Removing Grass and Creating New Beds

Discussion in 'Landscape Maintenance' started by GRT, Mar 3, 2009.

  1. GRT

    GRT LawnSite Member
    Posts: 116

    Please advise if you think this is a good practice to removing exisiting grass and creating new beds:

    1. Outline new bed area with spray paint - plan installation on paper
    2. Use roundup/grass killer to kill all grass within the painted outline. Wait for appropriate time for grass to die.
    3. Use sod cutter to remove old sod completely after grass is dead
    4. Till soil and add fert or top soil as applicable - compact with lawn roller
    5. Install new plantings as applicable.
    6. Mulch and Water

    Thanks for any advice.

    Geoff
     
  2. GracesLandscaping

    GracesLandscaping LawnSite Senior Member
    Posts: 632

    dont sound bad to me... only you may not always ahve time to wait for the grass to die
     
  3. GRT

    GRT LawnSite Member
    Posts: 116

    Thanks. Just planning...
     
  4. T Money

    T Money LawnSite Member
    Posts: 10

    hey sounds good. Alot of work maybe once the grass and weeds are dead just till it all in. If not i would remove the grass before it dies. This way the grass will hold up better while you are cutting it out.
     
  5. LB1234

    LB1234 LawnSite Gold Member
    Posts: 3,210

    Assuming you are licensed to spray, than ya go ahead. Not sure its necessary to spray AND rent a sod cutter. Why spray it if you are going to be removing it anyway? If ya spray it, just till it in after the applicable time for replanting according to the label.
     
  6. addictedtolandscaping

    addictedtolandscaping LawnSite Senior Member
    from NY
    Posts: 569

    Once you have your design, use a garden hose to lay it out on the ground
    Then take a can of line paint, mark your perimeter
    Use your sod cutter to cut your bed out
    Remove sod
    Till existing soil and amend as needed
    Install new plants
    Mulch to a depth of approximately 3"
     
  7. wmslc

    wmslc LawnSite Member
    Posts: 35

    I think that you have a great process, that is exactly what I would recommend! The only advice that I might be able to give is if the given landscape would need to be tilled...I would only do so if:

    1) The landscape needed some kind of amendment...ph OR renovation (only if the area needs to be killed AND removed)...most of which would depend on the plants that you would like to grow in that given piece of landscape any time in the near to distant future.

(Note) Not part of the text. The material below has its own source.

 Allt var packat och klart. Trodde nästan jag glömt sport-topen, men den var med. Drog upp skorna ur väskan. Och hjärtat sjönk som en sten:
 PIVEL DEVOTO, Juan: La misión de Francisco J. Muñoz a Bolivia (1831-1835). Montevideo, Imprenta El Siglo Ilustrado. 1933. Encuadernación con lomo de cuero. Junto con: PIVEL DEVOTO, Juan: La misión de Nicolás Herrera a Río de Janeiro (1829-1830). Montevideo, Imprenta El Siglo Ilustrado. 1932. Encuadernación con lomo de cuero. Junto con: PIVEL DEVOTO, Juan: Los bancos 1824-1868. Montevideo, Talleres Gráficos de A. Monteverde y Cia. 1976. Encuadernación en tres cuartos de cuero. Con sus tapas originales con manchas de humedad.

    2) I would also not use Glyphosphate AND use a Sod Cutter to remove any of the old turf...unless other circumstances required the use of both....again, depending on the plant that you wish to grow and if you would need to amend the soil.

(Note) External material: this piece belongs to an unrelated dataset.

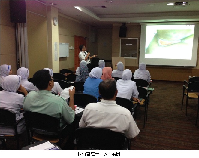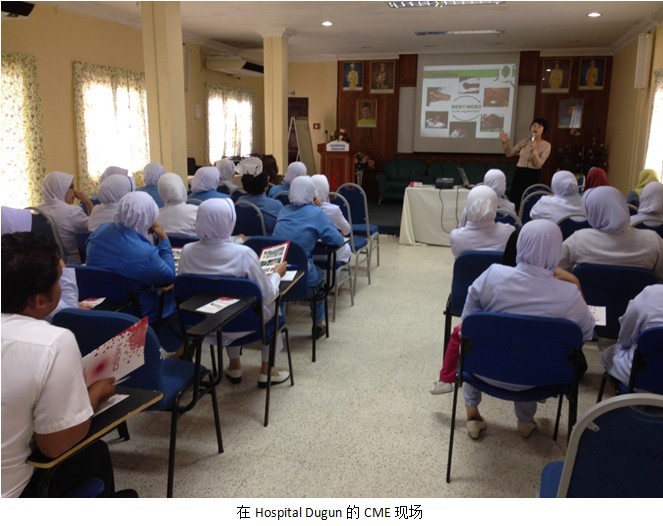 10月30日,今天的CME是在Hospital Alor Gajar, 这是一个今年二月份刚开设的偏远医院,没有固定的医生,医生们来自不同的医院,在规定的时间来该院出诊。这里固定开设的只有两个部门,创面治疗诊所及妇产科诊所,创面门诊每天约接待25位病人。该院的医务官比较积极的推广再生疗法,但由于认识误区,应用仅限于创面治疗后期。张美艳反复与之交流纠正概念及理解错误,强调再生疗法使用越早越好。CME的出席者多为护士和医助,听讲很认真,能准确回答问题。随后,这位医务官分享了美宝在该院试用的成功案例。结束后,很多护士索要样品,询问价格及更多的适应症。之后的跟踪了解到,医务官已经为再生疗法申请到院方的独立预算,并希望有更多的交流培训活动等。

    Other than those two reasons, I have not further recommedations for you.

    Good luck bidding, you seem to have a great understanding of the process of creating a new landscape bed!! Hopefully, other landscape contractors read this post and take everyones advice!!
     
  8. hackitdown

    hackitdown LawnSite Silver Member
    Posts: 2,501

    -I outline it with paint or a hose, and cut a deep, wide edge.
    -Then hit the grass inside the bed with round-up.
    -Wait at least 24 hrs for the roundup to be absorbed by the grass, it may not look dead yet, but it is doomed.
    -Remove grass, or till it in.
    -Install new plants.
    -Mulch.
     
  9. glfredrick

    glfredrick LawnSite Member
    Posts: 71

    If you have no plans to use seed, I'd also use an application of Ronstar under the mulch. It will control anything that emerges after installing the beds. It won't effect transplanted material.

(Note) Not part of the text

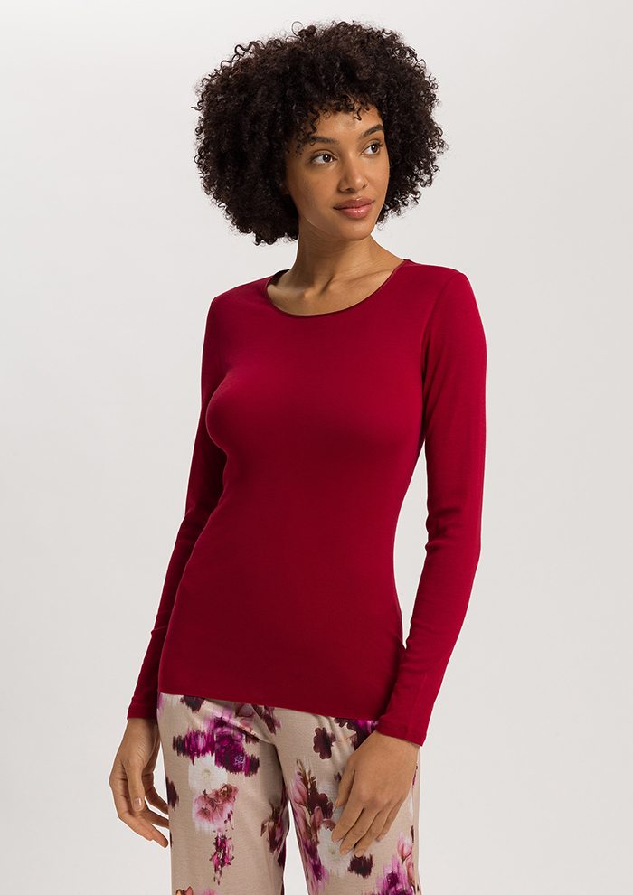 「1920年代にココ・シャネルがドレスの下に「ハンロ」の伸縮性のある肌着を着用することをすすめたといわれ、1930年代に“コットンシームレス”の先駆けである、シンプルで快適なアンダーシャツのコレクションが登場しました。それを起源に、2011年には素材と丈の長さをリニューアルしましたが、デザインそのものは1985年のデビューの時と変わらないまま。今年誕生40周年を迎え、ブラックパールをイメージしたシックなカラーとレッドダリアをイメージした華やかなカラーが2色登場しています。ぜひチェックしてみてください」。

    I'm with some of the other guys as well. No need to burn down the sod if you are going to cut it anyway. Just go to cutting, and use the sod somewhere else where it is needed.
     
  10. IntegrityGuy

    IntegrityGuy LawnSite Senior Member
    Posts: 781

    I would

    - outline
    - spray with weed killer.
    - till (skip the sod cutter)
    - edge
    - and mulch with atleast 4 inches thick.